As Hatter pointed out, the Astros offense wasn’t on full display in the ALCS. After Game 5, we talked about the Astros hitting around .100 with runners and scoring position for the series and sub-.200 as a team overall. I wondered aloud “How are the Astros not eliminated,” yet in control of the ALCS three games to two?
What I’m trying to say is I think the Astros’ offensive approach is predicated upon making pitchers work. This is a patient ballclub, as demonstrated by the lowest strikeout rate and highest walk rate in the game this year. Facing guys like Scherzer, Strasburg, Corbin, and Sanchez isn’t a dream matchup for Astros’ hitters, just like stepping into the box against Cole, Verlander, and Greinke isn’t for Washington. But the opportunity to see a guy three times in a single game plays into Houston’s favor. It’s best suited to their approach, which is to make the pitcher labor through the lineup.
I’m not predicting the Astros’ offense will suddenly explode with blowout victories—-the Nats’ starters are too good for that—but I do think Houston is better equipped to produce with runners in scoring position.
My World Series MVP before the postseason began was Michael Brantley, so I’m sticking with that.
Astros in six.
I’ll let y’all in on a little secret, I always vote for the Astros to sweep a series in a preview. While I don’t think that the Astros will win 162 games each year, the fact is that this team is built so that on any given day a W is a very good possibility. I mean, they did it more than any other team this season.
The Nationals have their rotation and a few big boppers, but they don’t have the length of the lineup that the Astros do. I expect a low-scoring affair the whole way through, but I think the bottom of the Astros’ order will come up with the bigger hits this series and ultimately be victorious.
We’ve face good pitching in both rounds of the series and did what we needed to do. While Strasburg and Scherzer will be the biggest test of the postseason so far, I don’t consider it outside the realm of possibility for us to do just enough to squeek past them. Meanwhile, the Nationals will get a look at the two best pitchers in the AL, so they’ll be facing their own trial by fire.

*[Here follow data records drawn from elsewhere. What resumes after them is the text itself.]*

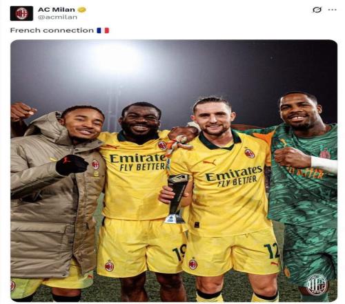 而拉比奥特的爆发,也是米兰“法国帮”集体发威的体现。本场除了他,恩昆库创造点球并罚进,迈尼昂稳健零封,福法纳踢满全场。米兰官方社媒赛后特意晒出四人合照,配文“法国帮”。这条中轴线(门将-中场-前锋)的稳定输出和默契,构成了米兰战术体系的国际纵队核心,他们的出色状态是球队战绩的硬保障。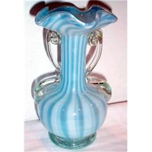 This wonderful Blue and White Striped Hand Blown Art Glass Vase has wonderful applied crystal handles and is in SUPERIOR condition with no chips, cracks, or dings. It measures 3" in diameter and stands a very stately 5.75" tall. Not certain of the maker.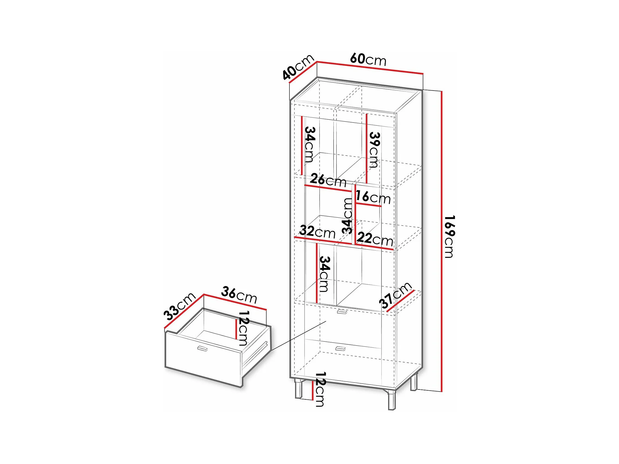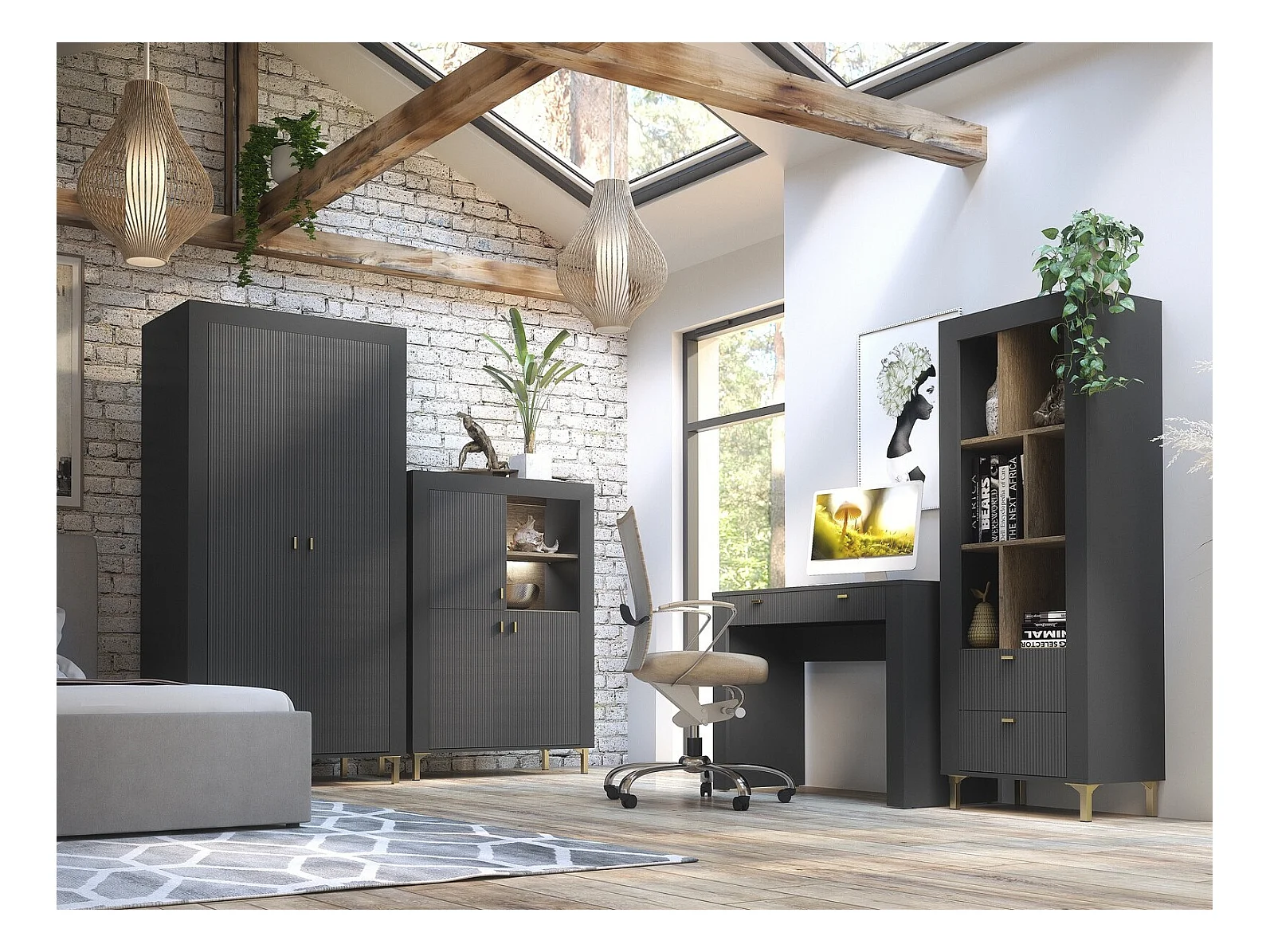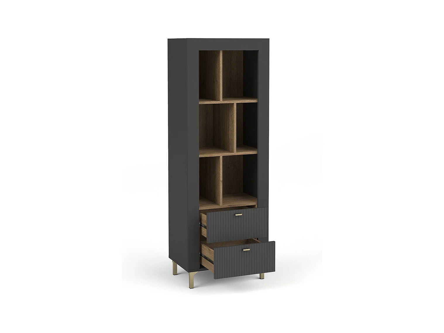 Étagère Mormavu 102, Ouvert|Avec tiroirs, Stratifié, 169x60x40cm, Noir mat|Chêne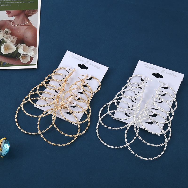 欧米の百合のイヤリングの女性はやせているネットの赤いネットの1セットの6対の光沢のcリングの異なっている大きさの耳の輪の組み合わせのシンプルなファッションを現します。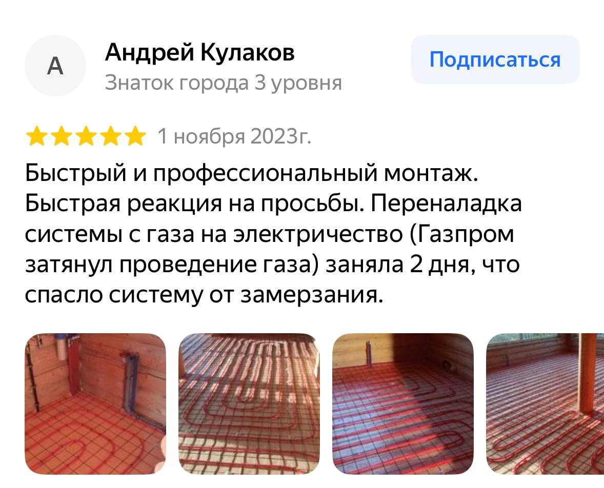 Профессиональные монтажники установят и настроят систему так, чтобы ваши зимние вечера были теплыми и уютными.
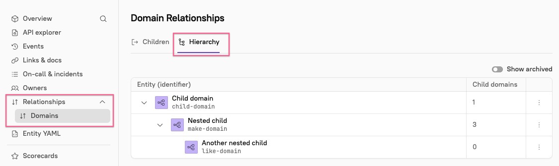 <figure><img src="https://826863033-files.gitbook.io/~/files/v0/b/gitbook-x-prod.appspot.com/o/spaces%2FJW7pYRxS4dHS3Hv6wxve%2Fuploads%2Fgit-blob-b56c8121cad8189ab1c9434498acf97be007d79d%2Fdomain-hierarchy-view.jpg?alt=media" alt=""><figcaption><p>The hierarchy appears in a domain's "Relationships" section.</p></figcaption></figure>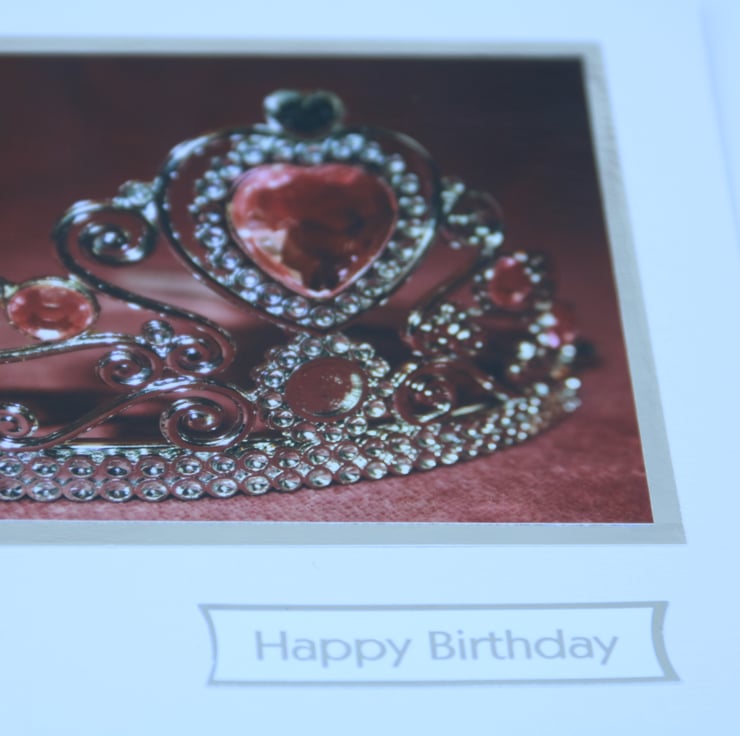Photograph of a pink & silver coloured tiara, photographed on a pink background. Photo backed with silver mirri board, Printed sentiment, edged in silver.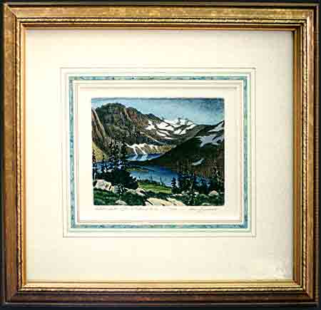 $175. Framed (shown with a double white mat with hand colored lines and panel)

But ultimately when I make this decision it’s part of my ritual for every series to predict a sweep. Not just my ritual but my sacred duty as a fan. So while it’s more optimism than sense when I say this, I refuse to break my streak that worked for 107 wins in the regular season:
Astros in four.
Exile in Saint Louis
Does the contrarian pick the Nationals in 7? As tempting as that might be, I can’t be that guy. I think one or two more of the stars get going in the WS (Springer and Gurriel are obvious picks, but one doesn’t need to squint hard to imagine Alvarez or Correa breaking out). The Astros get to Strassburg or Scherzer in G1 or 2, and get to Corbin as well in Game 3, meaning that the soft underbelly of the Nats’ pen gets exposed. Astros score lots of runs, overcome one blown save by their own pen, and romp to a 4-1 series victory and their second ever championship.
Bregman goes back to being Bregman and Yuli get some BABIP luck. Team averages 6 runs/game. Springer gets his second WS MVP, and the Astros are officially a dynasty.